As Martin O'Neill, the Aston Villa manager, acknowledged that he was now deep into that hostile terrain where football men even of the highest reputation from time to time are obliged to reinvent a team, and maybe themselves, he also went to the heart of the season's most spectacular reclamation: Manchester United as a force of deep accomplishment and the highest ambition.

First, he conceded that the difference between Villa's sturdy, and ultimately unlucky, fight to stay in the FA Cup on this same ground less than a week earlier, and this often cruel dismissal, was mostly to do with the unstoppable upsurge of brilliance which is always a possibility when you face a side of extraordinary individual talent and good balance.

Then O'Neill picked out the greatest single factor in the renaissance of United. He said: "Scholes has played majestically today, perhaps because he is majestic."

Not even Scholes in his current mode can achieved perfection with every performance, but the fact is that United are most clearly where they are today - still six points ahead of Chelsea and, logic insists, too far ahead of Arsenal to worry about the thrilling re-emergence of some of the best of Arsène Wenger's work - not only because the former England midfielder beat a serious eye problem. He also returned to football with all the best of himself sharpened by, among other things, the sense that he will not have so many more opportunities to be so true to the meaning of his career.
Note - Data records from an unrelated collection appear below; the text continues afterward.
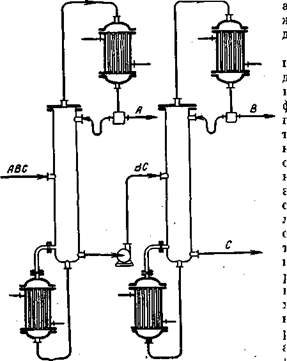 кипения. Нагретая смесь поступает в питающую секцию ректификационной колонны 2, присоединяясь к орошению, которое обеспечивается конденсацией паров в дефлегматоре 3. Необходимое для проведения ректификации многокомпонентное испарение жидкости осуществляется в кипятильнике 4. В дефлегматоре 3 происходит полная конденсация паров. Из делителя потока часть дистиллята, отвечающая флегме, возвращается в колонну, а остальная часть проходит через холодильник 5 и направляется в сборник 7. Менее летучая часть исходной смеси непрерывно отбирается из нижней части ректификационного аппарата и поступает в сборник 6. В рассмотренной схеме не учитывается возможность рационального использования тепла. Практически тепло отходящих потоков можно использовать для нагревания входящих и, в частности, нагревать исходную смесь за счет тепла жидкости, удаляющейся из нижней части колонны. Ректификация многокомпонентных смесей непрерывным методом осуществляется в аппаратурных агрегатах, построенных по типу многоколонных схем (рис. 4.33). Если исходная смесь должна быть разделена на три части А, В и С, то одна колонна может обеспечить разделение либо на А + ВС, либо на АВ + С; для последующего разделения АВ или ВС необходима вторая колонна. Следовательно, для разделения исходной смеси на п частей необходим ректификационный агрегат, состоящий из n — 1 ректификационных аппаратов.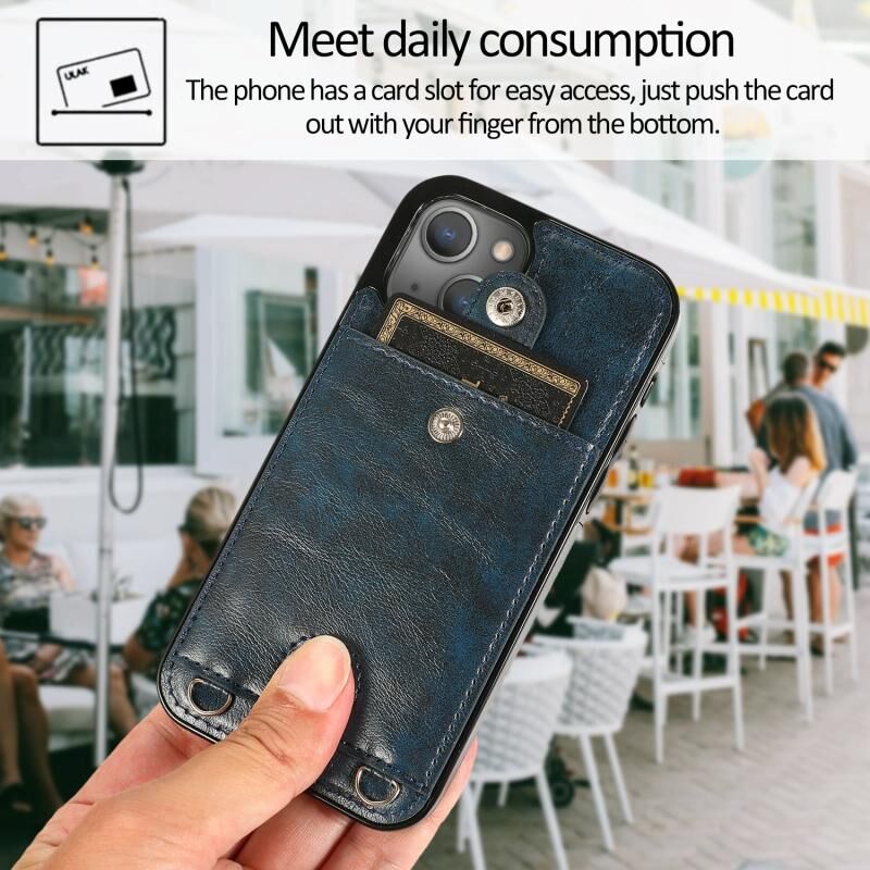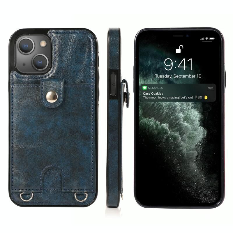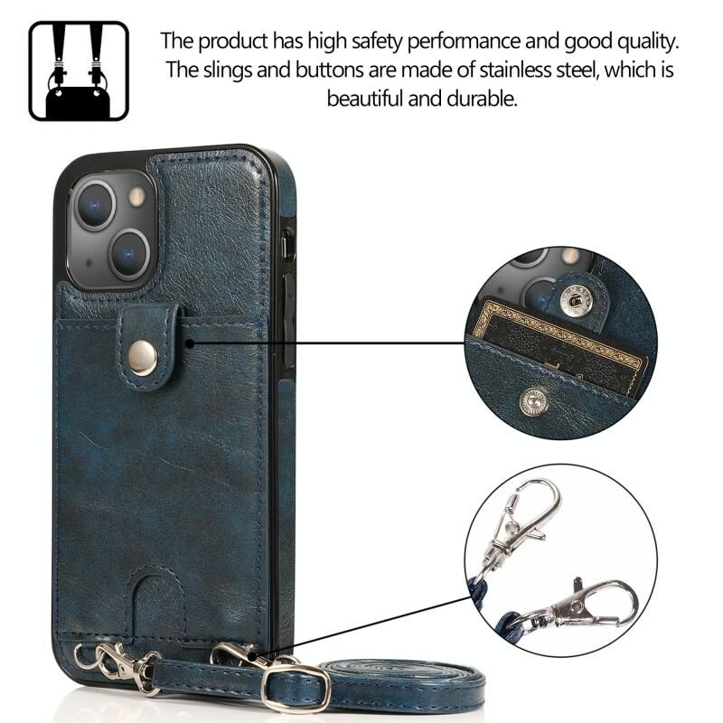 For iPhone 13 Pro Max Shockproof PU Leather + TPU Protective Case with Card Slot & Lanyard (Blue)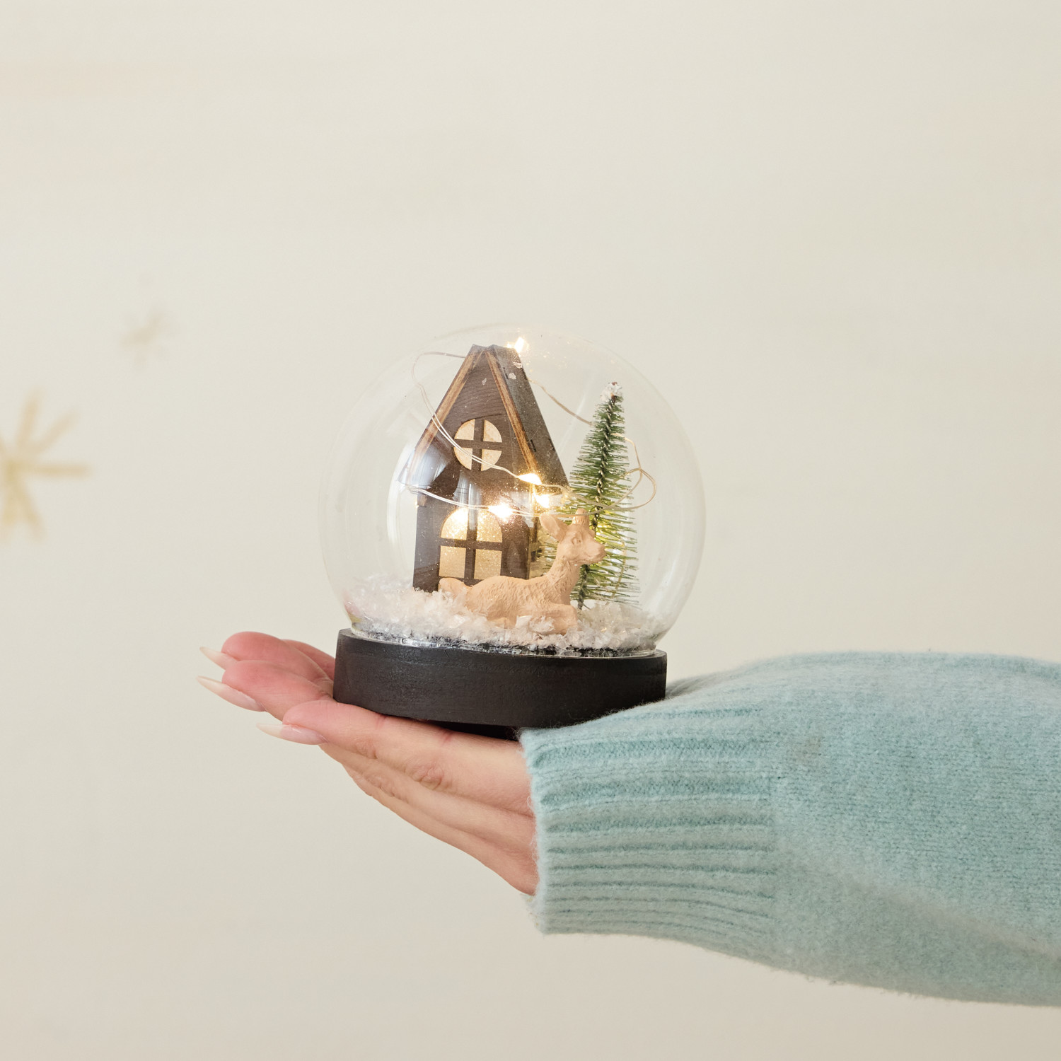 Glass Snow Globe with Cabin Scene & LED Light

Here he explained all over again that it has been as brilliant as it has been understated and unadorned by anything that was not about doing the job that lay before him, every time he went out on the field.

It is, of course, to shape a football match along classic lines. Park Ji Sung and Michael Carrick scored the early goals, Cristiano Ronaldo ended the match after 35 minutes - and ensured that there would again be substance in another performance that sometimes still flirted too dangerously with the lure of pure cabaret - but it was Scholes' rippling passes and incessant intelligence which stood out so brilliantly from the first exchanges.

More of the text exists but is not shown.